A Day in the Pre-Internet World*
*As Understood by Someone Born in 2002
You wake up to the sound of your clock radio. You grab it, along with your landline, camera, calculator, calendar, and fax machine, before heading out the door.
Standing on the sidewalk, you yell, “Uber!,” as loud as you can. Wouldn’t you know it, one pulls up to take you to school about twenty minutes later. The front is reserved for Luddites who still carry their clocks and radios separately, so you wander to the back of the big yellow Uber. Without gadgets and screens to distract you, you use this opportunity to make meaningful friendships with every other student on board, except for the forty-five kids you bully relentlessly. Nothing can replace the benefits of real human contact.
Homeroom. Before you can so much as balance your checkbook, one of the kids from the ride to school, Jamie, sneaks up and pantses you! At least it’s over quickly. No one outside the room will ever know it happened, and it’s not as if Jamie’s future employers will be able to Google the incident in the encyclopedia. You start to think that everything’s going to be O.K. “Not so fast,” he warns you. Jamie always did have a knack for knowing what you were thinking and even what you were narrating aloud. “Lookie here.” He holds up—a Polaroid! Jamie has a Polaroid of you with your pants down in homeroom. Even Mrs. Pillikers is laughing at you. It totally sucks that images are proof of something and not just a suggestion of something that might have happened. You grab the Polaroid and destroy it. Then you pull up your pants.
After learning the finite amount of information the world has to offer, you decide to leave school early. Now no one who cares about you has any idea where you are, and you have no idea where anyone you care about is—complete peace. That night, the house phone rings. It could be anyone in the entire world. You pick up. Jamie surrenders: “I’m sorry about today.”
“That’s O.K.,” you lie.
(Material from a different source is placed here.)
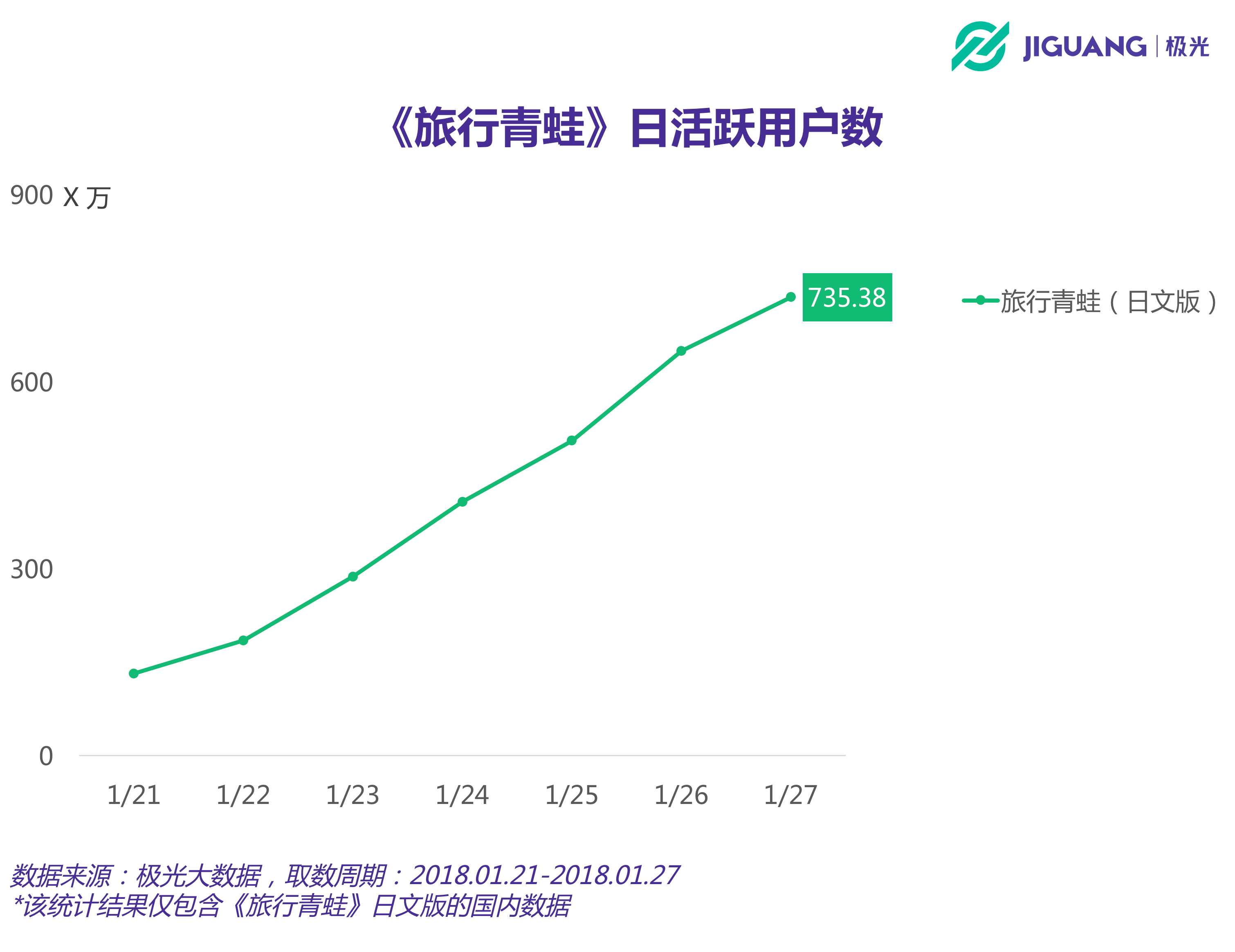 截至1月27日,《旅行青蛙》日文版的日活躍用戶數(shù)已經(jīng)突破700萬大關(guān)??紤]到這款游戲在國內(nèi)的話題引爆時(shí)間點(diǎn)為1月中旬,其增長勢頭之迅猛由此可見一斑。

You’re going to kill that son of a bitch.
Your plan is simple: you’re going to do it, and then you’re going to lie about it. You open the Yellow Pages and search for an entry labelled “How to kill someone,” and then for one labelled “How to delete Yellow Pages search history.” No luck on either score, but now you’ll be in great shape if you ever need hospice.
After printing out the Maps app, you bike over to Jamie’s. All the bases are covered: Your checkbook is balanced. The street lights are on, so everyone thinks you’re at home. Wait—what if someone telephones and you miss it? You knock on Jamie’s door and ask his dad’s permission to plug in your landline, just in case. He’s cool with it. He’s honestly a pretty chill guy over all. Sucks that you have to kill him now, too.
I’ll skip the gory details, but let’s just say no one’s going to be pulling your pants down again. The next morning, the police knock on your door. “Could we please search your home?” they ask. You ask if they have a warrant. They do. You rip it up. “Goddammit,” one officer says. “That was our only copy. Someone’s gotta figure out a better way to keep a record of this stuff.” They leave and come back with another warrant; this time, they hold it just out of your reach. Inside, one of the cops starts poking at your Canon A-1. “Anything in here we should know about?” he asks.
“Go ahead and check,” you say. So he opens the film compartment, instantly destroying all the selfies you took with Jamie and his dad the night before. Lesson: All it takes is an unimaginably small amount of ingenuity, and you can get away with any crime you set your mind to.
You’re writing all this up on a legal pad for your monthly newsletter, when a second cop startles you, rather rudely: “There! Look—it’s right there!” He’s pointing at something in the Yellow Pages, but you’re not nervous. You used a page-to-page encryption that only a Yellow Pages specialist could crack. The cop dog-ears the page and asks to use your landline. Of course he can. A few minutes later, there’s another knock at the door.